A Lo jamás le había gustado el ambiente de ese lugar. Era una casa triste, oscura, falta de vida, a pesar de que estaba habitada, pero él siempre ha pensado que una casa es el reflejo de sus moradores y en vista de las malas pulgas del dueño, la apatía del hijo y la amargura de la señora Mur, era entendible en parte que aquello diera más sensación de estar en una cueva que en una vivienda espaciosa, con detalles arquitectónicos admirables y por tanto, con una belleza que estaba siendo, a su modo de ver, desperdiciada.

Eso sí, a Logan siempre le ha fascinado el olor que se respira una vez te dan permiso de penetrar los dominios del ogro. Huele a limpio, a comida deliciosa y a mujer.

De eso se encarga Doña Silvia, que no deja que el tufo a alcohol y a tabaco de su marido, se propague dentro del hogar como pesticida sobre cultivos de maíz.

Al joven le ha costado un poco encontrar las escaleras. No sabe si es por la hora o por la oscuridad del salón, siempre lúgubre, en vista de que por decreto de Don Gonzalo, está prohibido abrir las cortinas.

Cosas de viejo hermitaño, supone él.
Cuando por fin da con los escalones, comienza el ascenso. A sus espaldas escucha los murmullos de su anfitrión, quejándose de que la juventud actual, ya no está educada como en sus tiempos y unos cuantos lamentos más que no alcanzó a entender, o mejor dicho, no quiso prestarle oídos.

El desquiciante perfume de la planta baja abandonó su nariz inmediatamente después que abrió la puerta del cuarto de su amigo.

Una vez en el interior de la pieza, los buenos olores fueron sustituidos por otros, no tan agradables, que provenían de la ropa sucia desparramada en el suelo, de las colillas de cigarros en el cenicero, de las latas de cerveza vacías debajo de la cama y de un cuerpo inerte que yacía sobre la cama y que si no hubiera sido por los ronquidos, él habría jurado que estaba empezando a descomponerse.

El contraste entre el resto de la casa y aquellas cuatro paredes era abrumador. Era como una zona de guerra. Pero Silver no permitía que su madre entrara a su santuario. Todos, excepto Logan, tenían vedado el paso, pero sobre todo ella.

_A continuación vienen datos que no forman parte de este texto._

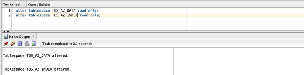 Let’s change the tablespaces to read-only and run the script to back up our database:
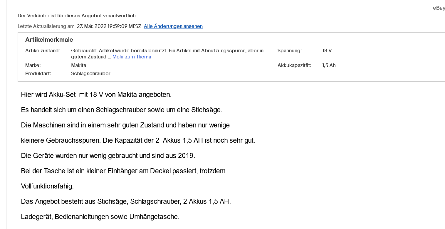 1. Bei Ebay werden die Beschreibungstexte oft nicht normal dargestellt, sondern in eine Art Spalte links am Bildrand verschoben.
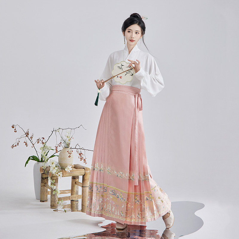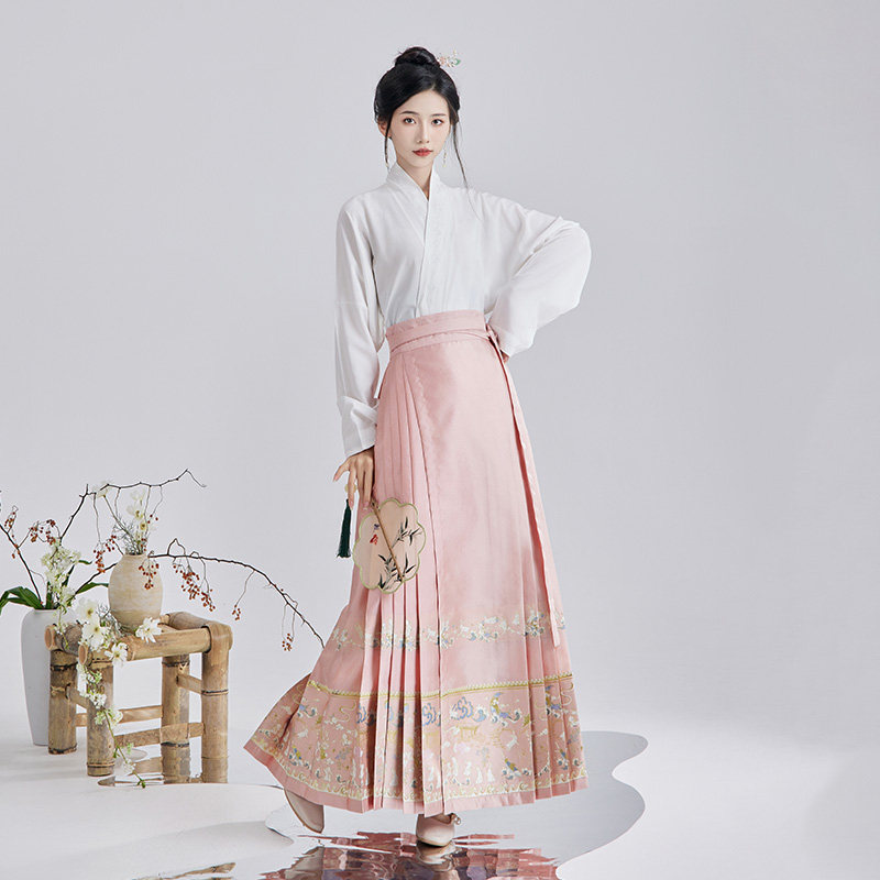 改良明制2024新款 国风 女新中式 粉色马面裙套装 小个子汉服 玉兔
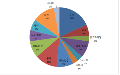 위에서 도출된 33개의 전시회를 산업 분야별로 살펴보면, 아래 그림처럼 건축분야가 6개로 전체의 19%를 차지한다.
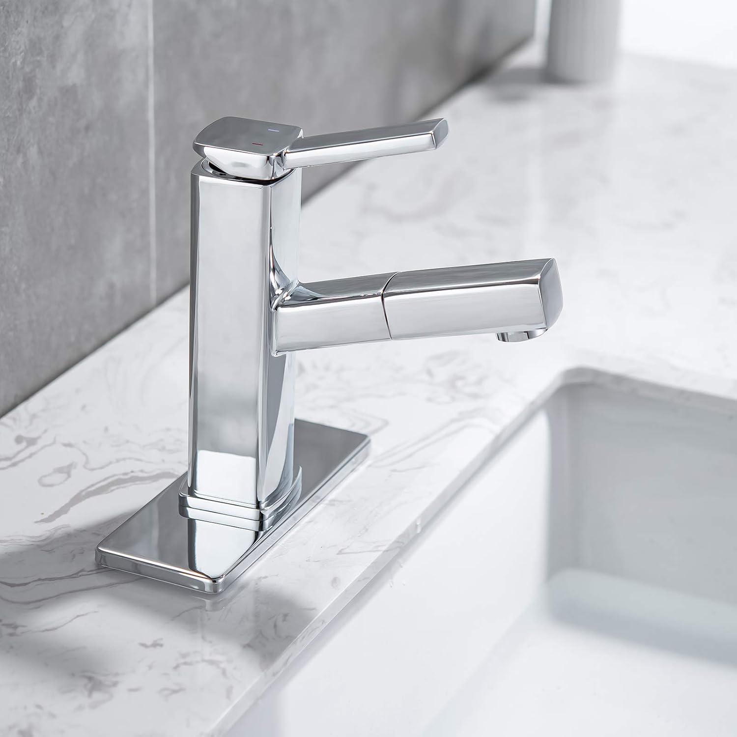 FAUCET, POP UP DRAIN, COVER DECK PLATE COMBO: KAIYING Bathroom Sink Faucet with Pull Out Sprayer (Regular, Chrome & White) & KAIYING Pop Up , Bathroom Sink Stopper with Overflow (Chrome) & KAIYING 6" Hole Cover Deck Plate for Bathroom Vanity Sink (Chrome)
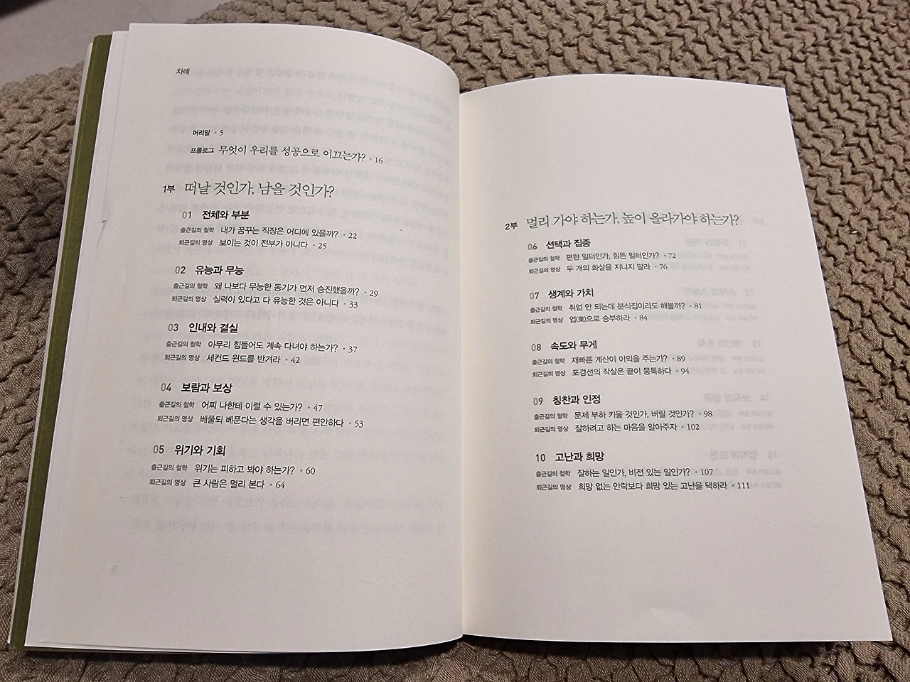 그래서인지 잠시 멈춰서 생각을 할 수 있게 해주는 글을 만나면 참 반갑다. 단점이라면 술술 읽히지 않아 시간이 오래 걸린다는 것이다. 읽다가 글감을 떠올리게 되고, 읽다가 생각하게 되고, 읽다가 글을 쓰게 된다. 최근 읽은 책 중 하나를 소개한다.성공/처세 카테고리에 있는 책이지만 그보다는 본질적인 것들을 생각하게 한다. 매너리즘에 빠진 직장인 또는 사색을 즐기는 분들이 읽으면 좋을 책이다.
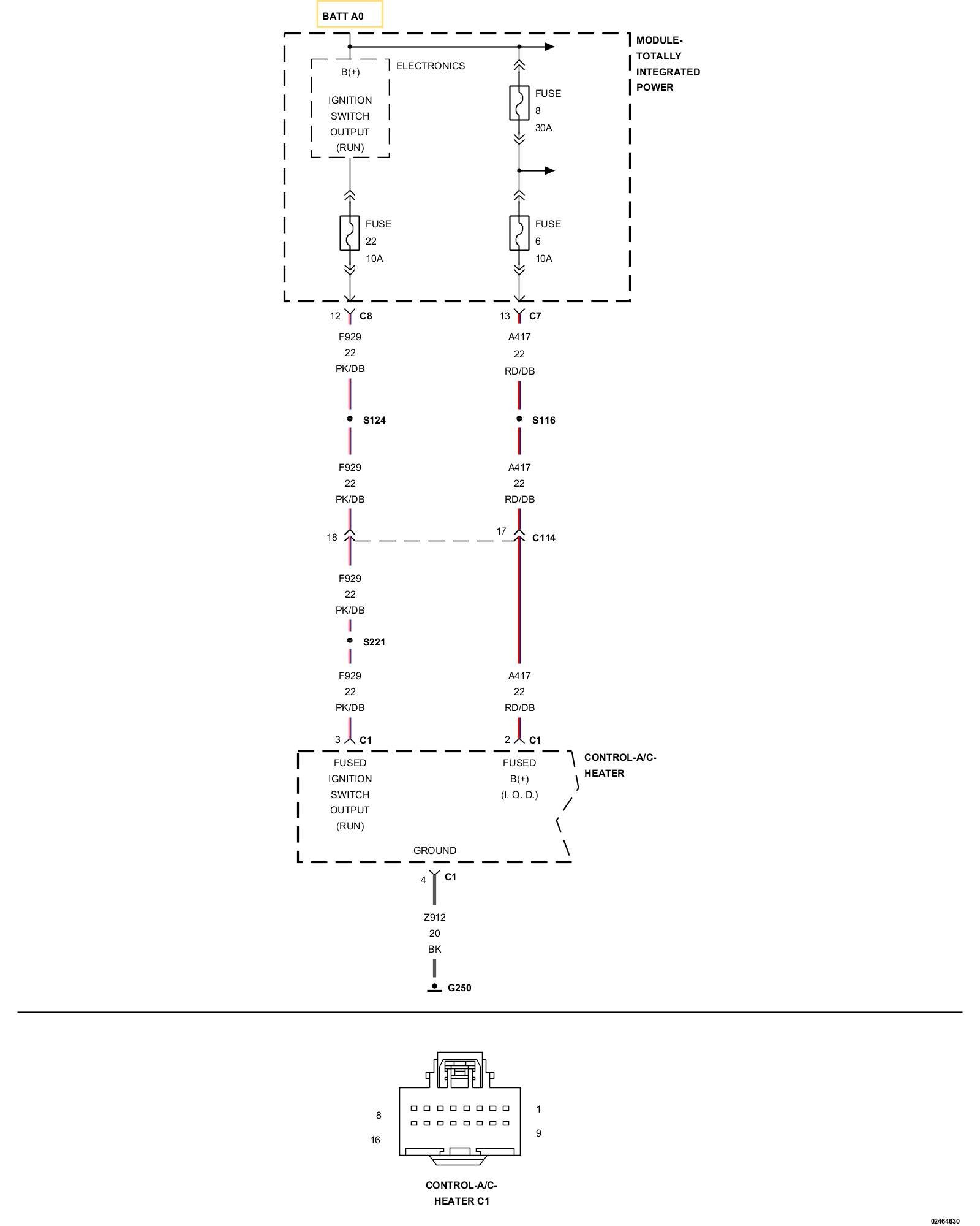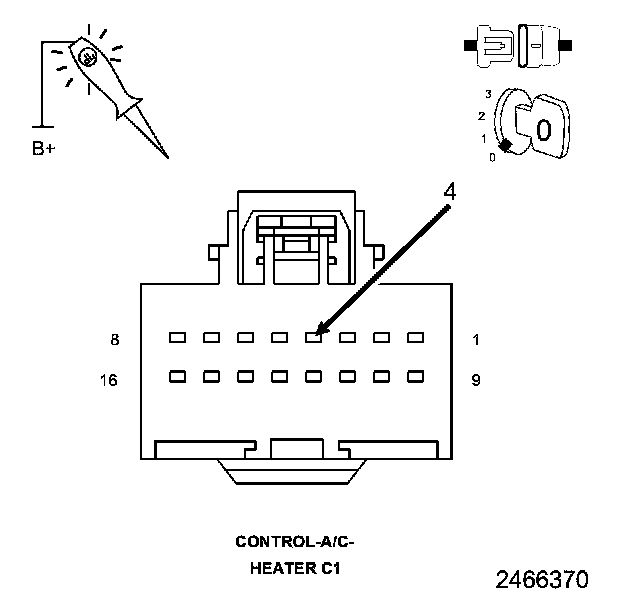 2. While back probing, measure the voltage of the (A417) Fused B(+) circuit in the A/C Heater Control C1 harness connector.

Su amigo decía que si la dejaba entrar, querría limpiarlo todo, ordenarle sus cosas, lavarle su ropa, y esa era una carga que él ya no quería poner sobre ella. Era su manera de ayudarla, de darle un respiro de su esclavizada vida. Aunque las consecuencias eran nefastas para la salud de quien se atreviera a penetrar su fortaleza, porque Silver limpiaba sí, solo que en Navidades.

—Parece que anoche la fiesta estuvo buena—fue el saludo que le dio al que dormía apenas este abrió los ojos. Lograr que despertara le había costado a Logan tanto esfuerzo como cargar pesas en el gimnasio. Menos mal que tiene el sueño ligero, según se jacta, si lo llega a tener pesado ni con grúa reacciona.

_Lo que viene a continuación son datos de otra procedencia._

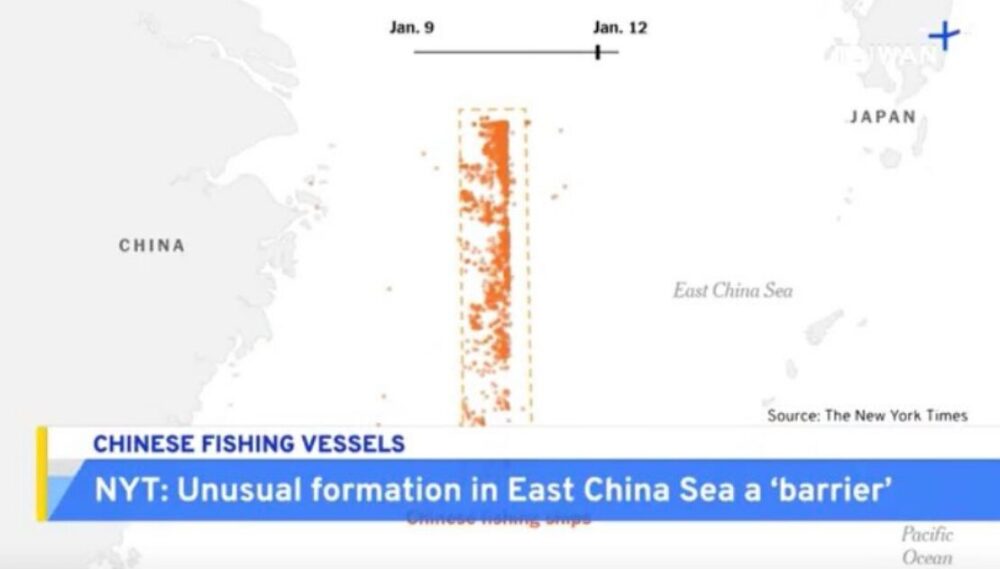 【北京共同】東シナ海の日中中間線付近の海域で昨年末から少なくとも2度にわたり、最大約2千隻もの中国漁船が密集して活動し、南北470キロにも及ぶ“壁”を構築していたことが30日、分かった。地理空間情報分析を専門とする「ingeniSPACE」社が船舶自動識別装置(AIS)の情報で分析した。
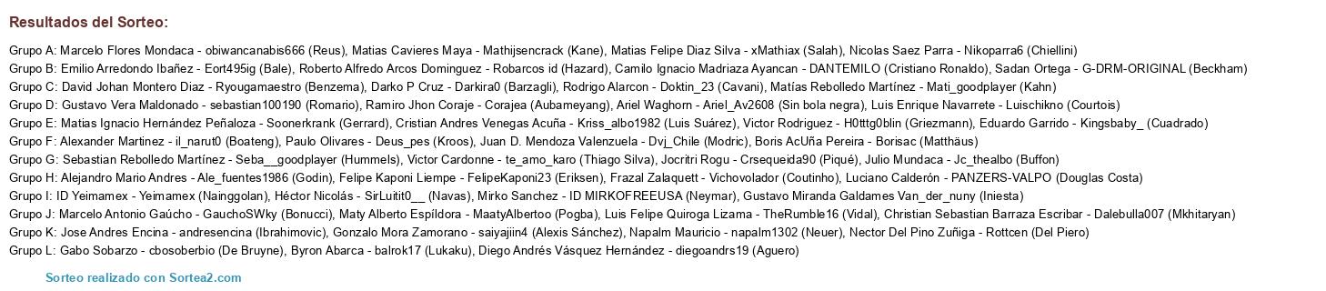 Lista de participantes: Mirko Sanchez - ID MIRKOFREEUSA (Neymar), Ramiro Jhon Coraje - Corajea (Aubameyang), Camilo Ignacio Madriaza Ayancan - DANTEMILO (Cristiano Ronaldo), Jose Andres Encina - andresencina (Ibrahimovic), Cristian Andres Venegas Acuña - Kriss_albo1982 (Luis Suárez), ID Yeimamex - Yeimamex (Nainggolan), Sadan Ortega - G-DRM-ORIGINAL (Beckham), Eduardo Garrido - Kingsbaby_ (Cuadrado), Rodrigo Alarcon - Doktin_23 (Cavani), Victor Rodriguez - H0tttg0blin (Griezmann), Frazal Zalaquett - Vichovolador (Coutinho), Julio Mundaca - Jc_thealbo (Buffon), Luis Enrique Navarrete - Luischikno (Courtois), Diego Andrés Vásquez Hernández - diegoandrs19 (Aguero), Marcelo Antonio Gaúcho - GauchoSWky (Bonucci), Jocritri Rogu - Crsequeida90 (Piqué), Emilio Arredondo Ibañez - Eort495ig (Bale), Boris AcUña Pereira - Borisac (Matthäus), Matias Cavieres Maya - Mathijsencrack (Kane), Matías Rebolledo Martínez - Mati_goodplayer (Kahn), Luciano Calderón - PANZERS-VALPO (Douglas Costa), Paulo Olivares - Deus_pes (Kroos), Victor Cardonne - te_amo_karo (Thiago Silva), Darko P Cruz - Darkira0 (Barzagli), Juan D. Mendoza Valenzuela - Dvj_Chile (Modric), Gonzalo Mora Zamorano - saiyajiin4 (Alexis Sánchez), Marcelo Flores Mondaca - obiwancanabis666 (Reus), Nector Del Pino Zuñiga - Rottcen (Del Piero), Byron Abarca - balrok17 (Lukaku), Matias Felipe Diaz Silva - xMathiax (Salah), Héctor Nicolás - SirLuitit0__ (Navas), Napalm Mauricio - napalm1302 (Neuer), Gustavo Vera Maldonado - sebastian100190 (Romario), David Johan Montero Diaz - Ryougamaestro (Benzema), Maty Alberto Espíldora - MaatyAlbertoo (Pogba), Roberto Alfredo Arcos Dominguez - Robarcos id (Hazard), Alejandro Mario Andres - Ale_fuentes1986 (Godin), Sebastian Rebolledo Martínez - Seba__goodplayer (Hummels), Alexander Martinez - il_narut0 (Boateng), Ariel Waghorn - Ariel_Av2608 (Sin bola negra), Luis Felipe Quiroga Lizama - TheRumble16 (Vidal), Gabo Sobarzo - cbosoberbio (De Bruyne), Matias Ignacio Hernández Peñaloza - Soonerkrank (Gerrard), Gustavo Miranda Galdames Van_der_nuny (Iniesta), Felipe Kaponi Liempe - FelipeKaponi23 (Eriksen), Nicolas Saez Parra - Nikoparra6 (Chiellini), Christian Sebastian Barraza Escribar - Dalebulla007 (Mkhitaryan).
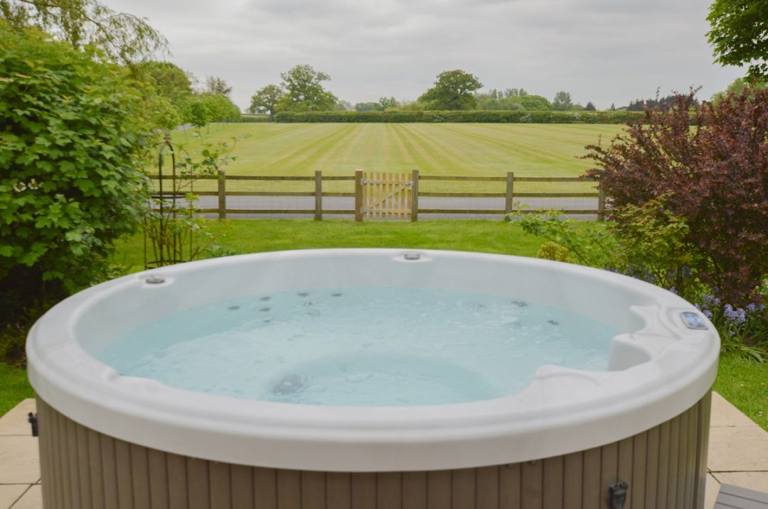 Outside: The Manor Lodge has a private fenced garden. It is flat and mainly lawn with lovely mature trees for shade on a hot day. A paved terrace has picnic benches and seats for relaxed outdoor meals, and there is an outdoor hot tub exclusively for the use of guests of Manor Lodge. There is off-street parking for several cars next to the house. Guests at Manor Lodge enjoy shared use of the Estate's extensive grounds and facilities, including the indoor games barn.

—De qué hablas, qué fiesta dices—contestó Silver dándole la espalda y tapando su cabeza con la almohada.

—De la que armaste aquí ayer por lo que se ve. Se valía invitar a tu amigo—le recriminó.

El trigueño se sentó de mala gana sobre la cama.

—No fue una fiesta. Fue mi manera de canalizar la ira—resopló con fuerza, como si quisiera que el suspiro le borrara los recuerdos. —Anoche intentó pegarle de nuevo, o creo que lo hizo, no sé si logré llegar a tiempo a su cuarto. Sabes que ella no me cuenta nada y se deshace en discursos para justificarlo—le contó.

—¿Te golpeó a ti?—sonó preocupado el visitante.

Silver alargó una sonrisa que quiso ser de triunfo, pero acabó siendo de total pesadumbre.

—Sólo ganchos al aire. Es a lo más que atina a darle cuando me le enfrento, al vacío. Su borrachera no es rival para mis habilidades—se mofó.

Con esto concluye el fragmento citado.